◆ **Instructions for the task**
Your job with the data below: print everything from the line that holds "Photo by kooding針織背心x緊身長褲子反而帶出文靜的斯文感!" down to the line that holds "There was a", ends included, exactly, and nothing else.

◆ **Dataset extract**
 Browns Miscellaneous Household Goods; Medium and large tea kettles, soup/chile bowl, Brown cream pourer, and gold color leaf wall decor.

---

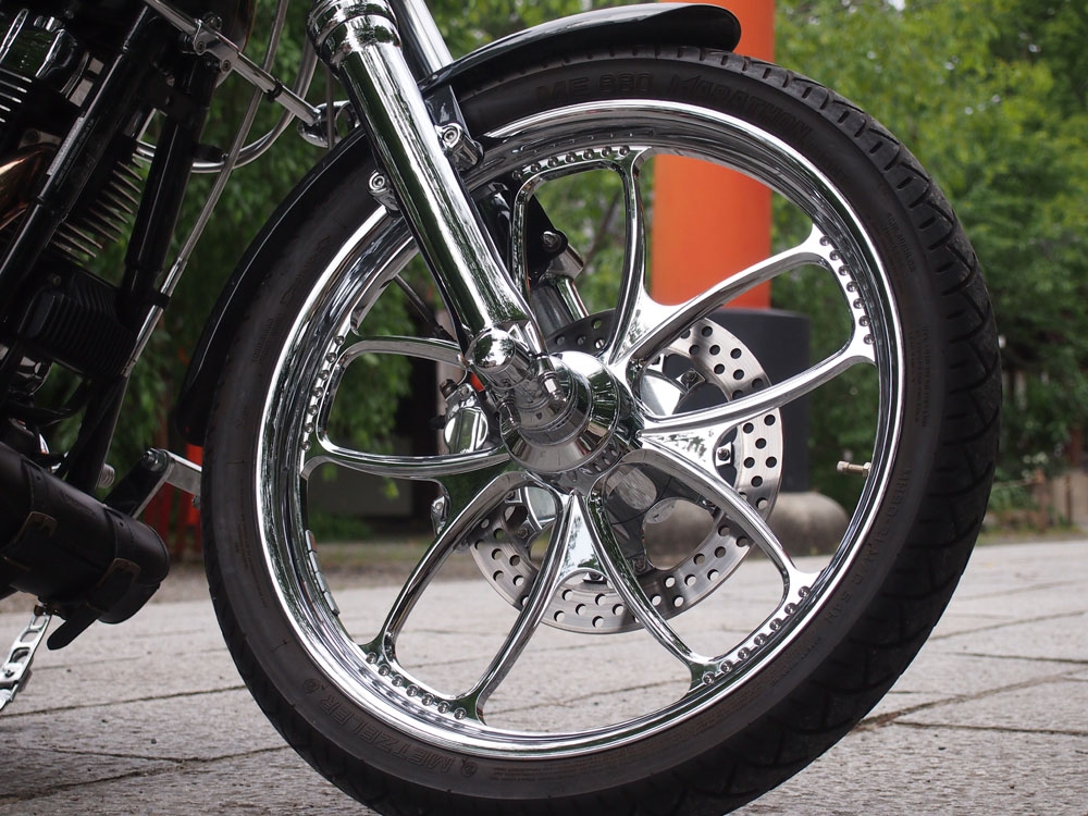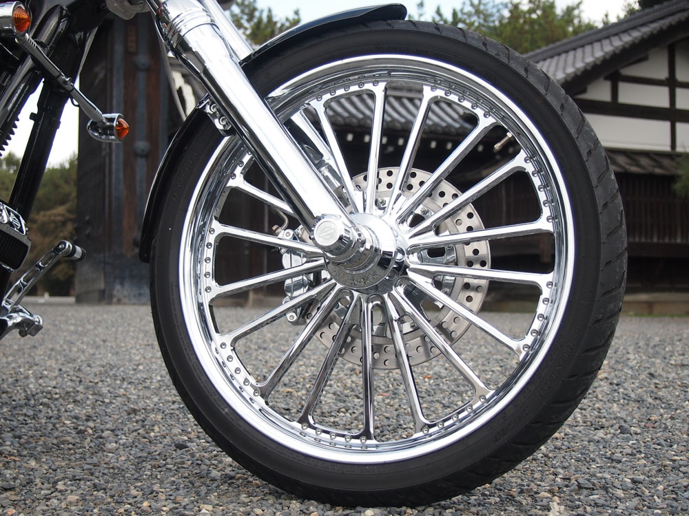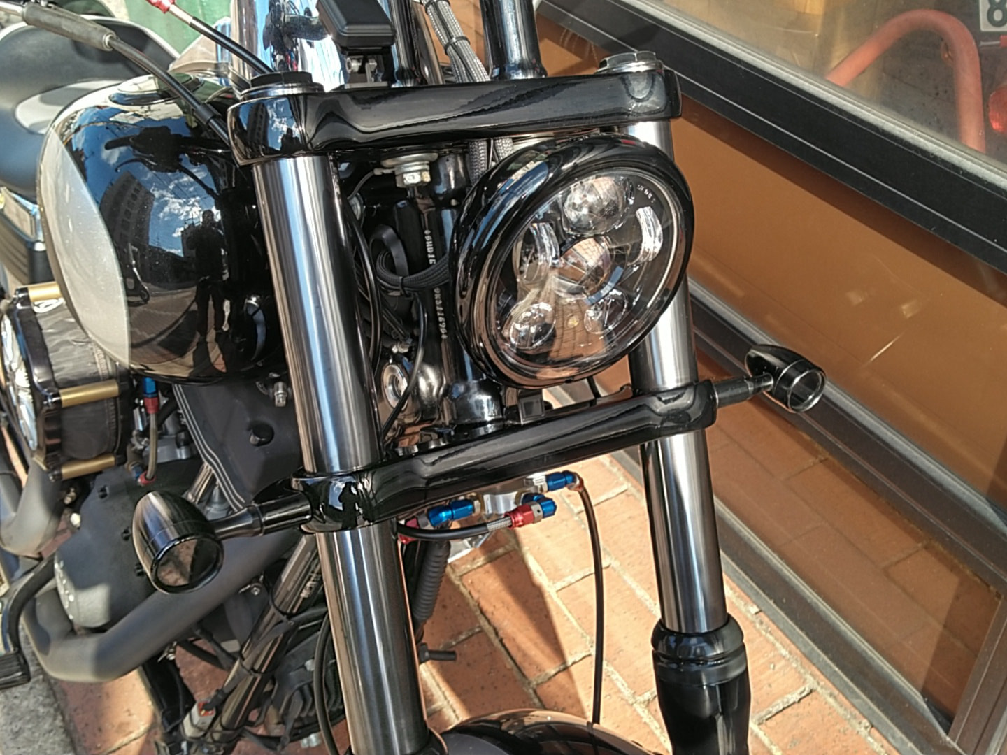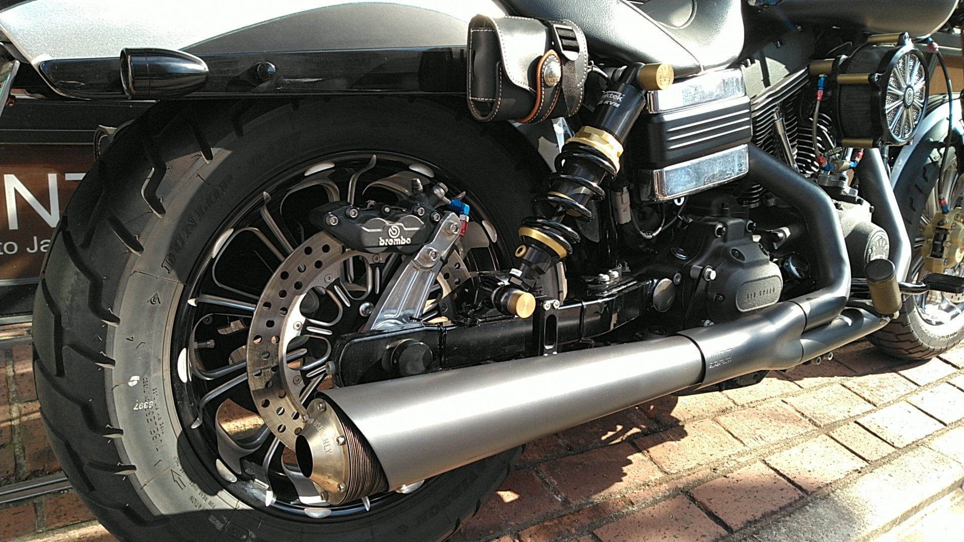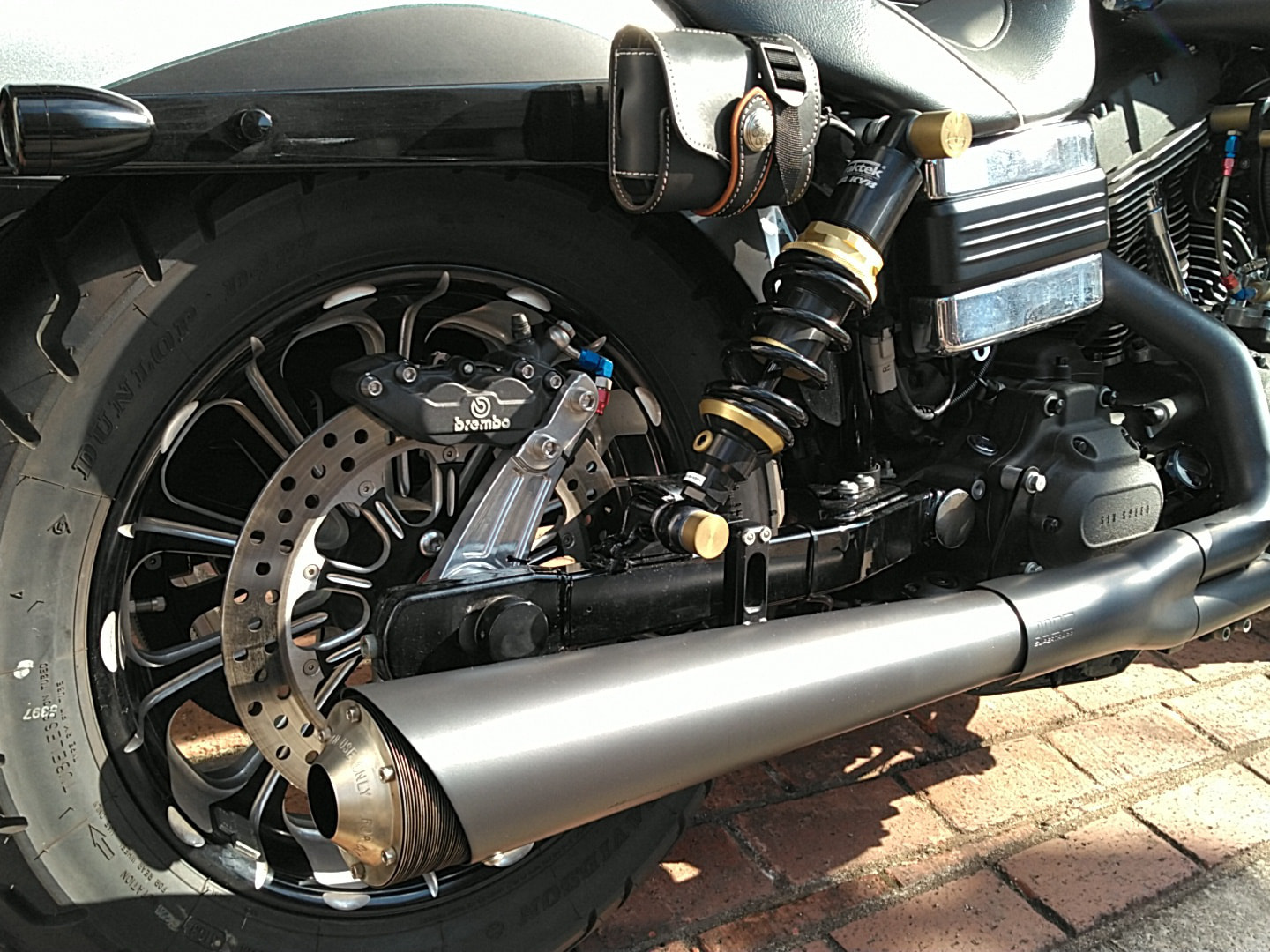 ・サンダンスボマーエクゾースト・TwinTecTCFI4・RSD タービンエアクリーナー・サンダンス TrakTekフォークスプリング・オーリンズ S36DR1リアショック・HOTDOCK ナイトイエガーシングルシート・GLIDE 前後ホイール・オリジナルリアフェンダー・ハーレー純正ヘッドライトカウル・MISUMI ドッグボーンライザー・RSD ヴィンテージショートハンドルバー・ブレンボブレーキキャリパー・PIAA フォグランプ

--

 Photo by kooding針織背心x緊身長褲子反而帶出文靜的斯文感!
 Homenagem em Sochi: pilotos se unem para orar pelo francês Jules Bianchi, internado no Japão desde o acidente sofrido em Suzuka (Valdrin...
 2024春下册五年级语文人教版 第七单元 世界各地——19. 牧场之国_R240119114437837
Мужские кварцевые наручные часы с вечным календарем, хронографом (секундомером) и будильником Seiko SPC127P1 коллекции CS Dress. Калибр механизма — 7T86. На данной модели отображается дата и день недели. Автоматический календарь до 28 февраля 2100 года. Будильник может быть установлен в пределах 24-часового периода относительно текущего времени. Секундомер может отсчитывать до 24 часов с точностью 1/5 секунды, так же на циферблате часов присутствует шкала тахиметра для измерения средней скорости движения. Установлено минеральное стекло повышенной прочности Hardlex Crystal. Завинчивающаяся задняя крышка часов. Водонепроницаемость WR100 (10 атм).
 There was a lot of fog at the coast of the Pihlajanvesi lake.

◆ **Solution to this task**
 Photo by kooding針織背心x緊身長褲子反而帶出文靜的斯文感!
 Homenagem em Sochi: pilotos se unem para orar pelo francês Jules Bianchi, internado no Japão desde o acidente sofrido em Suzuka (Valdrin...
 2024春下册五年级语文人教版 第七单元 世界各地——19. 牧场之国_R240119114437837
Мужские кварцевые наручные часы с вечным календарем, хронографом (секундомером) и будильником Seiko SPC127P1 коллекции CS Dress. Калибр механизма — 7T86. На данной модели отображается дата и день недели. Автоматический календарь до 28 февраля 2100 года. Будильник может быть установлен в пределах 24-часового периода относительно текущего времени. Секундомер может отсчитывать до 24 часов с точностью 1/5 секунды, так же на циферблате часов присутствует шкала тахиметра для измерения средней скорости движения. Установлено минеральное стекло повышенной прочности Hardlex Crystal. Завинчивающаяся задняя крышка часов. Водонепроницаемость WR100 (10 атм).
 There was a lot of fog at the coast of the Pihlajanvesi lake.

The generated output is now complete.